Коль скоро понятно то, что истина становится доступной для вас, когда вы в абсолютном безмолвии, как можете вы ухитриться привести то, что приходит в безмолвии, к низшему уровню языка?

Язык — это мирское; он был изобретен для мирских целей, для базара. Но для храма языка нет. В храме вы должны молчать. Совершенно правильно пользоваться языком, когда вы разговариваете о вещах, но в тот момент, как вы выходите за пределы вещей, вы должны попросту оставить язык позади.

Так что замысел у Чжан Цзина верный. Он — тот человек, который понимает, что говорит. Но я хочу, чтобы вы понимали одну вещь: все то, что высказывалось об истине, обязательно исполнено недостатков и изъянов. Вот наименее ошибочное утверждение: Предельная истина бессловесна.
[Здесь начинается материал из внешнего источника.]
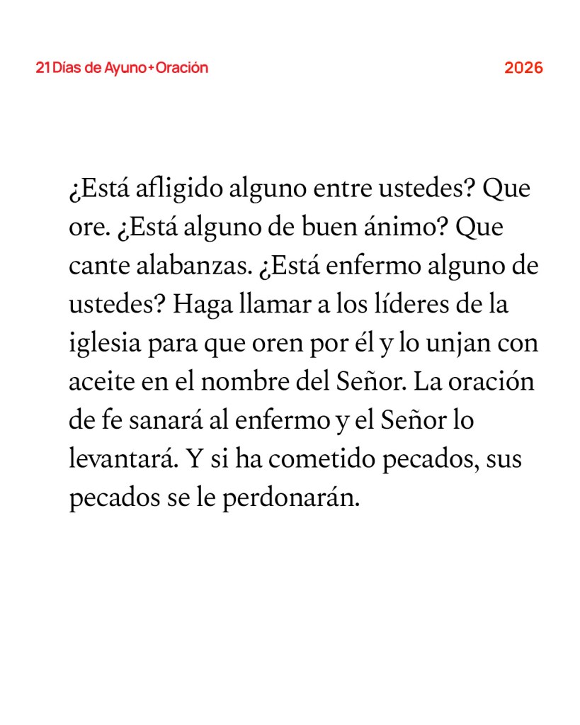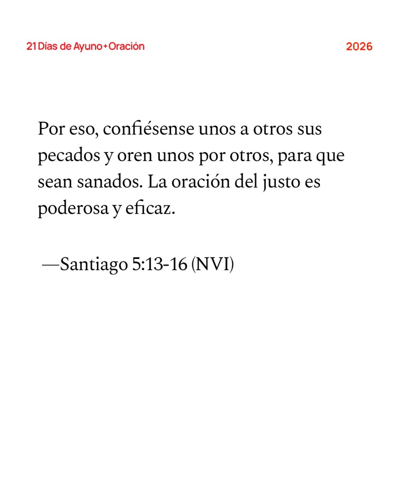 Reflexione en la Palabra: Nuestro Dios es sanador. Nuestro Dios es el gran reconciliador. Nuestro Dios es quien levanta a los humildes y es Padre de los huérfanos. Como personas de fe, nos mantenemos firmes en las promesas, en el carácter de Dios, sin importar lo que se cruce en nuestro camino. Las palabras de Santiago son el antídoto contra la forma en que solemos extraviarnos. La fe no es un idealismo esperanzador—es una realidad que se practica en comunidad con otros. Cuando estamos en problemas, necesitamos orar juntos. Cuando estamos felices, necesitamos celebrar juntos. Cuando estamos enfermos, necesitamos contender juntos en oración. Cuando tropezamos en el pecado, debemos confesarlo y recibir misericordia juntos. Nuestra fe siempre tuvo como propósito acercarnos a Dios y a la comunidad, y al hacerlo, descubriremos la verdad de quién es Él. Orar por los demás es una manera de poseer territorio que antes estaba en manos del enemigo. Ya sea que las personas por las que oramos entren o no por las puertas de nuestra iglesia, ya sea que sepamos o no si aceptan a Jesús—cuando oramos por su sanidad y las elevamos ante el Padre, las sacamos del territorio del enemigo y las llevamos al territorio de Dios. Al ofrecer esperanza y sanidad a quienes se encuentran en lugares oscuros, les traemos la luz de Cristo y desterramos el poder del enemigo.
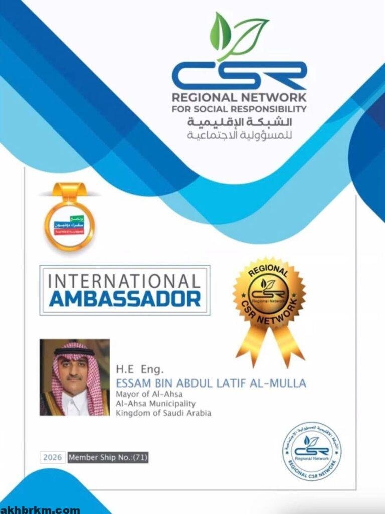 الشبكة الإقليمية للمسؤولية الاجتماعية تعيّن أمين الأحساء سفيرًا دوليًا للمسؤولية المجتمعية
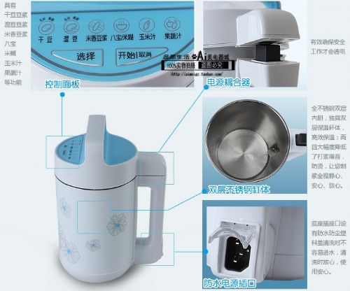 特点: ● 人性化设计,美观大方,操作方便; ● 微电脑控制,全自动制浆; ● 全新无网设计,豆浆更香浓..

Нынешние люди не понимают этого: они насаждают практику других вещей, считая их достижениями. Они не знают, что внутренняя природа никогда не была смыслом объектов, что это врата тончайшего, чудесного, великого освобождения...

Мистики всегда осуждали своих современников — само собой, ведь те были людьми, которые неверно понимали их. Никто не осуждает мертвых, потому что никто не знает, понимают они вас или нет, слушают они вас или не слушают и знают ли они о вас хоть что-нибудь. Так что о мертвых ничего нельзя сказать. Но со своими современниками, живыми людьми, все мистики испытали эту проблему - то, что те не понимают.
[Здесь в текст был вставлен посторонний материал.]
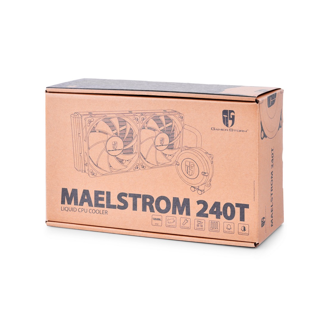 Не обслуживаемая система жидкостного охлаждения под все современные платформы и процессоры. Совмещенная с медным теплообменником помпа, обеспечивает лёгкость установки и минимум занимаемого пространства в корпусе ПК. Конструкция включает в себя медный водоблок со структурой 0,2-миллиметровых микроканалов для улучшения теплопроводности, помпу с керамическими деталями, две трубки и радиатор. Алюминиевый радиатор размером 274 х 120 х 27 мм оптимизирован для низких оборотов вентилятора и низкого уровня шума. Стандартные крепёжные отверстия позволяют легко устанавливать 120-мм вентиляторы. Два 120 мм вентилятора с голубой LED подсветкой. Бионическая "дышащая" подсветка логотипа GAMER STORM на помпе активируется во время работы. Срок службы помпы 120000 часов.
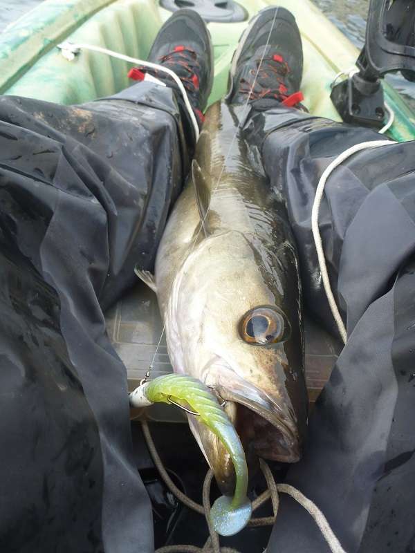 Cet aprem sera sous le signe des vieilles pour moi. D’abord 2 prises au moment ou le jig touche le fond, c’est à dire loin et profond, les combats seront musclés !
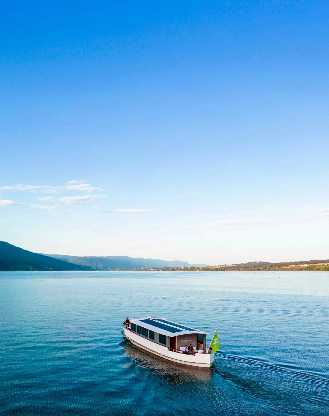 Sur l’eau tout change : lorsque l’horizon s’élargit le quotidien s’éloigne et le sentiment de sérénité rapproche les gens. Les conversations deviennent plus profondes, les rencontres plus intenses. Les expériences partagées, que ce soit un regard sur un paysage, un moment silencieux sur le pont ou un menu créé par des chefs d’exception, tissent les liens. Le lac ralentit notre rythme et nous connecte à l’essentiel. L’espace crée la relation et la relation donne du sens au temps.
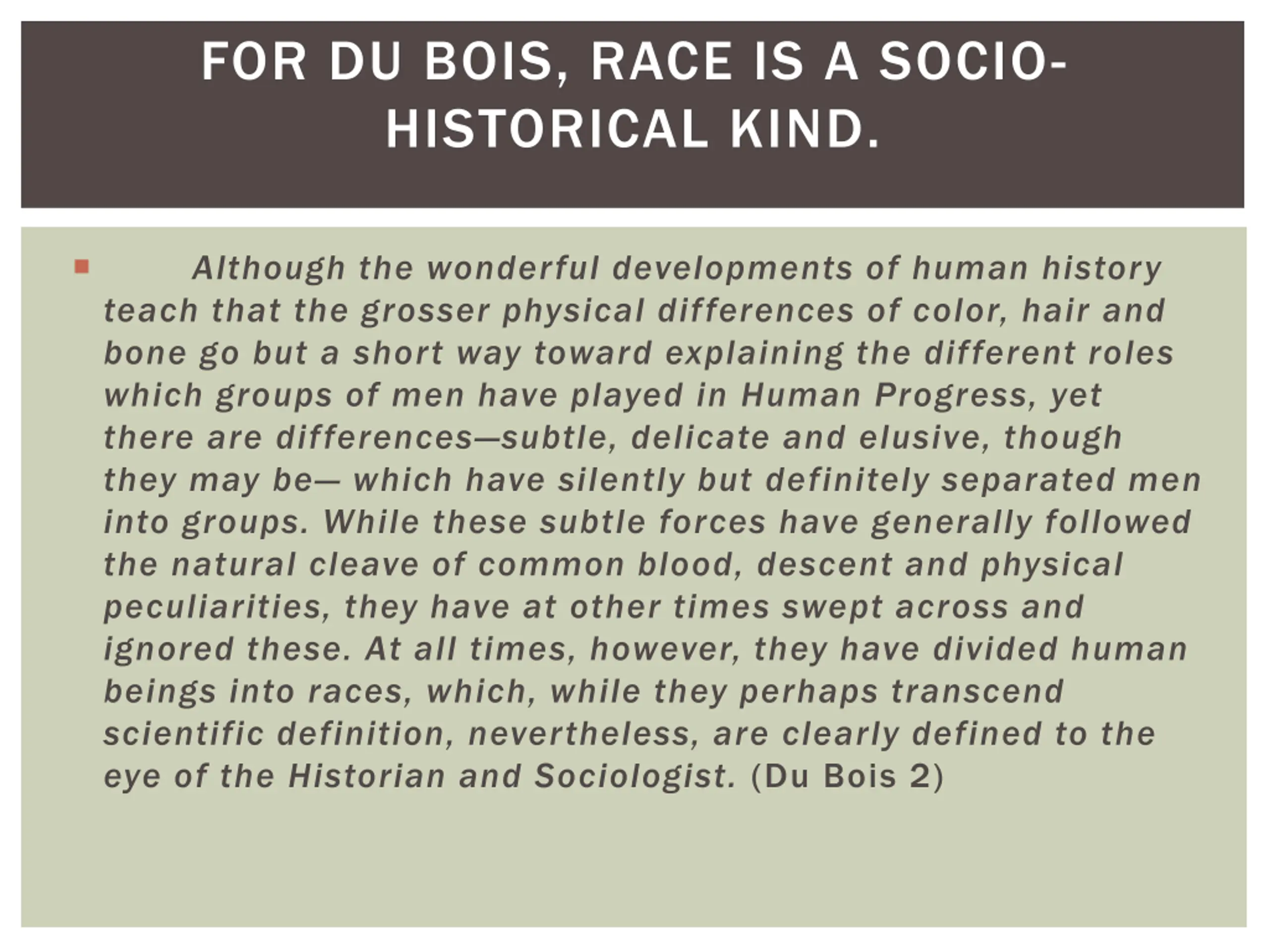 FOR DU BOIS, RACE IS A SOCIO- HISTORICAL KIND. Although the wonderful developments of human history teach that the grosser physical differences of color, hair and bone go but a short way toward explaining the different roles which groups of men have played in Human Progress, yet there are differences subtle, delicate and elusive, though they may be which have silently but definitely separated men into groups. While these subtle forces have generally followed the natural cleave of common blood, descent and physical peculiarities, they have at other times swept across and ignored these. At all times, however, they have divided human beings into races, which, while they perhaps transcend scientific definition, nevertheless, are clearly defined to the eye of the Historian and Sociologist. (Du Bois 2)
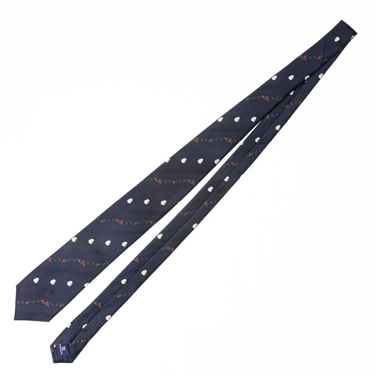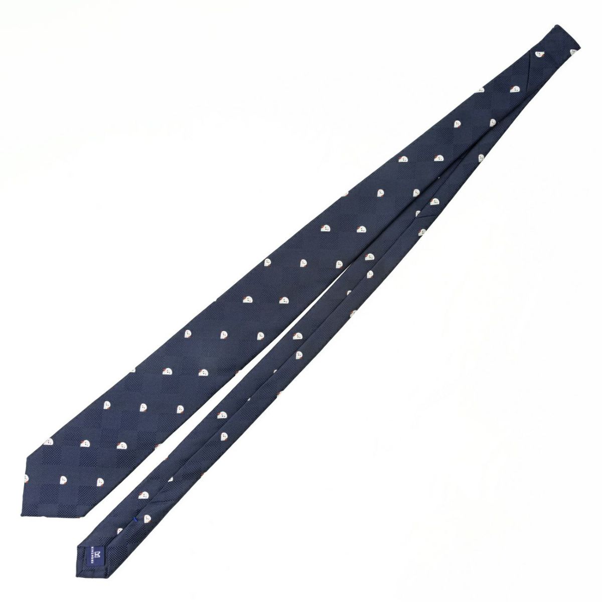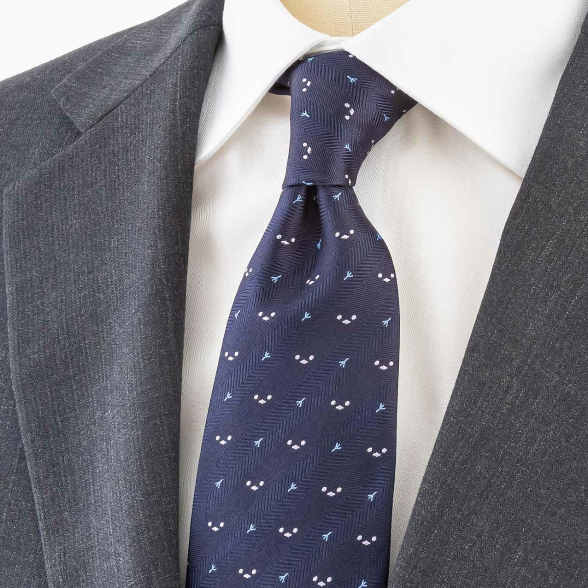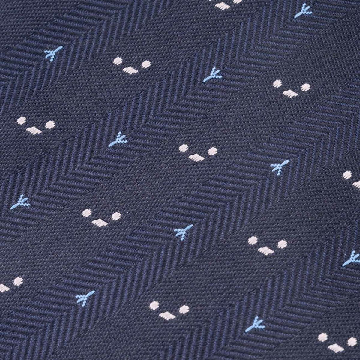 KINSHOKUネクタイ ほっこりシマエナガモチーフヘリンボン・ネイビー
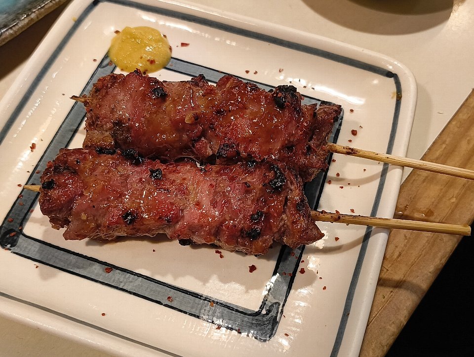 暫く「お通し」と「大瓶」で吞んでいたのだが、先に頼んでいた「串焼き」が出てきはじめる。
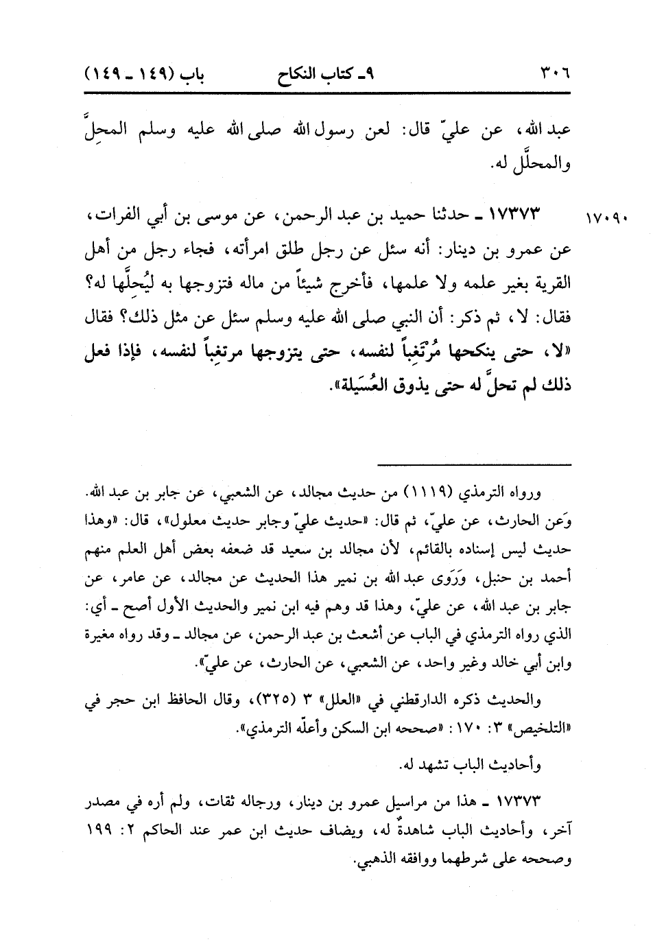 17373- حَدَّثَنَا حُمَيْدُ بْنُ عَبْدِ الرَّحْمَنِ , عَنْ مُوسَى بْنِ أَبِي الْفُرَاتِ , عَنْ عَمْرِو بْنِ دِينَارٍ أنَّهُ سُئِلَ عَنْ رَجُلٍ طَلَّقَ امْرَأَتَهُ فَجَاءَ رَجُلٌ مِنْ أَهْلِ الْقَرْيَةِ بِغَيْرِ عِلْمِهِ وَلاَ عِلْمِهَا فَأَخْرَجَ شَيْئًا مِنْ مَالِهِ فَتَزَوَّجَهَا به لِيُحِلَّهَا لَهُ , فَقَالَ : لاَ ، ثُمَّ ذَكَرَ أَنَّ النَّبِيَّ صَلَّى الله عَلَيْهِ وَسَلَّمَ سُئِلَ عَنْ مِثْلِ ذَلِكَ , فَقَالَ : لاَ حَتَّى يَنْكِحَهَا مُرْتَغِِبًا لِنَفْسِهِ ، حَتَّى يَتَزَوَّجَهَا مُرْتَغِِبًا لِنَفْسِهِ , فَإِذَا فَعَلَ ذَلِكَ لَمْ تَحِلَّ لَهُ حَتَّى يذُوقَ الْعُسَيْلَةَ. (4/295:2).

Нынешние люди не понимают этого...

Да Хуэй не самый древний; только тысяча лет прошло с его времени. Но в Ригведах, которые являются древнейшими писаниями в мире, вы найдете то же утверждение: «Нынешние люди не понимают».

Гаутама Будда две тысячи пятьсот лет назад говорит то же самое. И, к несчастью, я должен сказать то же самое: нынешние люди не понимают. Это представляется постоянной ситуацией. Мистику предопределено быть неверно понятым, и, возможно, ситуация будет оставаться такой же в будущем, потому что все люди на свете не могут стать мистиками...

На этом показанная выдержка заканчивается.